• _DIRECTIONS_:
Find the line containing "5月11日下午,2020年度" in the records below. Copy exactly that line and each one after it, ending at the line containing "为帮助贷款毕业生了解还款流程", and nothing more.

• _GIVEN INFORMATION_:
------------------------------------------------------------------------

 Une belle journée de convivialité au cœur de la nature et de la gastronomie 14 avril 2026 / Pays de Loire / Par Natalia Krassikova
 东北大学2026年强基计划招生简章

------------------------------------------------------------------------

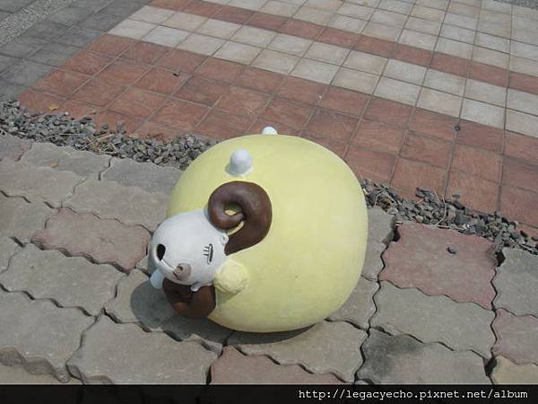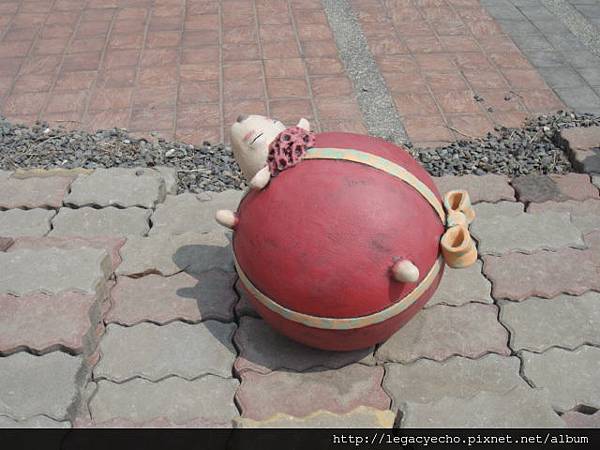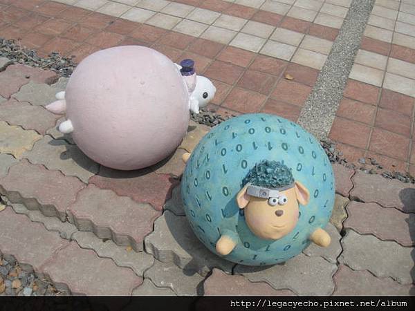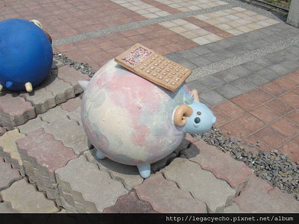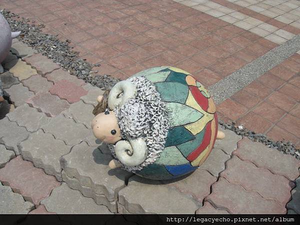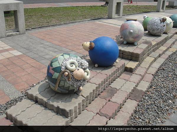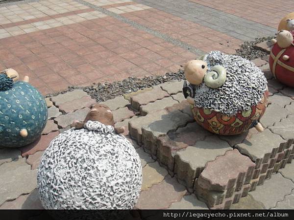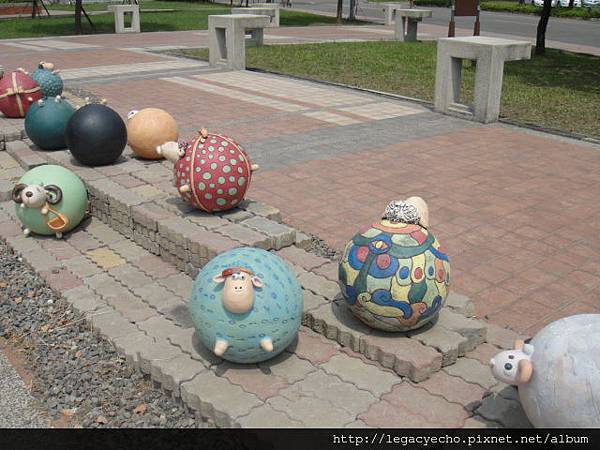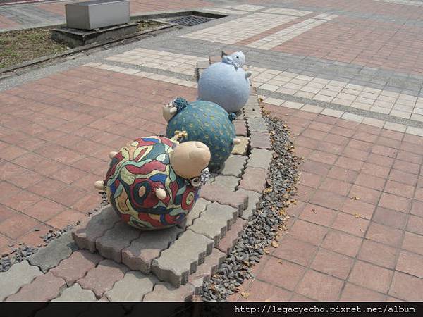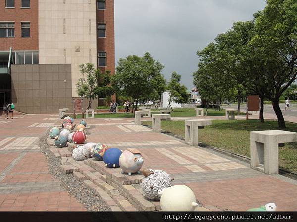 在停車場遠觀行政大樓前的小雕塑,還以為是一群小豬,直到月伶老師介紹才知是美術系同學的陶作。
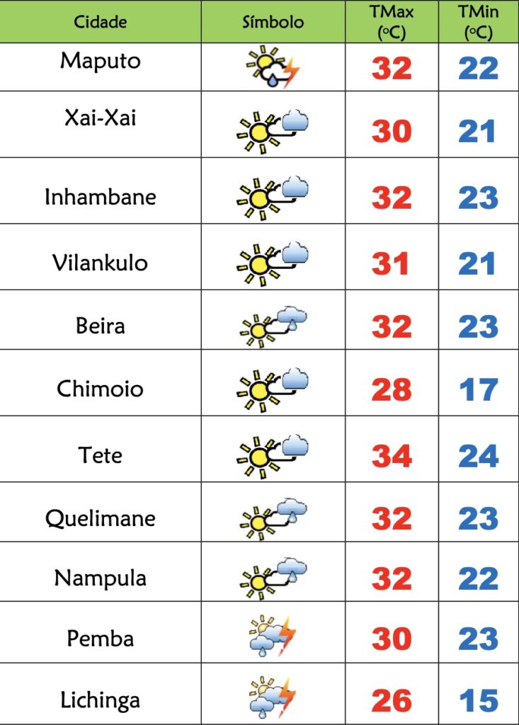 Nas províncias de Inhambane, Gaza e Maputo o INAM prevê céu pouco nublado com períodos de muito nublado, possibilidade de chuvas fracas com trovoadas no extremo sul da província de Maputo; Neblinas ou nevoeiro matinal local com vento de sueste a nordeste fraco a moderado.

------------------------------------------------------------------------

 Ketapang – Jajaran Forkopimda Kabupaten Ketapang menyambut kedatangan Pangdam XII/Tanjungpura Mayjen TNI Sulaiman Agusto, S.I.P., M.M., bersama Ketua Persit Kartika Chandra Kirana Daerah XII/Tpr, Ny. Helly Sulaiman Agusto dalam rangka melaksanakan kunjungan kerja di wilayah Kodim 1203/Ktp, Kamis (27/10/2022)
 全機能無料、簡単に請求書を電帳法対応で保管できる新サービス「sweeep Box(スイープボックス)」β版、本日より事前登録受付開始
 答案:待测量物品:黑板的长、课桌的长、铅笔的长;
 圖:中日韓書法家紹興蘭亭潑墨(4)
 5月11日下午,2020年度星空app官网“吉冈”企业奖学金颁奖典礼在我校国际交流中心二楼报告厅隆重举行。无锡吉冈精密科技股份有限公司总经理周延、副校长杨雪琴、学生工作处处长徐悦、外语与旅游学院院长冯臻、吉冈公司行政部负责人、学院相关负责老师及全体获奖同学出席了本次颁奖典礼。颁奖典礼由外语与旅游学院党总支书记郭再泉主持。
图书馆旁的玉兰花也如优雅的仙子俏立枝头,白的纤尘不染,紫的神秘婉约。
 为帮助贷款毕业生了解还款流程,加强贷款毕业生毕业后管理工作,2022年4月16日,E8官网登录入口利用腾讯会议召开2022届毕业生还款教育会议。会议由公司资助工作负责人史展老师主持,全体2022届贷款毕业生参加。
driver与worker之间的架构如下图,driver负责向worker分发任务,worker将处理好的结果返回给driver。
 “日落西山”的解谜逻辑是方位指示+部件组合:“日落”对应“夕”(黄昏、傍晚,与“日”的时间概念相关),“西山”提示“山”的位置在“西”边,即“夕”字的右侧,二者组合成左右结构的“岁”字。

------------------------------------------------------------------------

• _TASK SOLUTION_:
 5月11日下午,2020年度星空app官网“吉冈”企业奖学金颁奖典礼在我校国际交流中心二楼报告厅隆重举行。无锡吉冈精密科技股份有限公司总经理周延、副校长杨雪琴、学生工作处处长徐悦、外语与旅游学院院长冯臻、吉冈公司行政部负责人、学院相关负责老师及全体获奖同学出席了本次颁奖典礼。颁奖典礼由外语与旅游学院党总支书记郭再泉主持。
图书馆旁的玉兰花也如优雅的仙子俏立枝头,白的纤尘不染,紫的神秘婉约。
 为帮助贷款毕业生了解还款流程,加强贷款毕业生毕业后管理工作,2022年4月16日,E8官网登录入口利用腾讯会议召开2022届毕业生还款教育会议。会议由公司资助工作负责人史展老师主持,全体2022届贷款毕业生参加。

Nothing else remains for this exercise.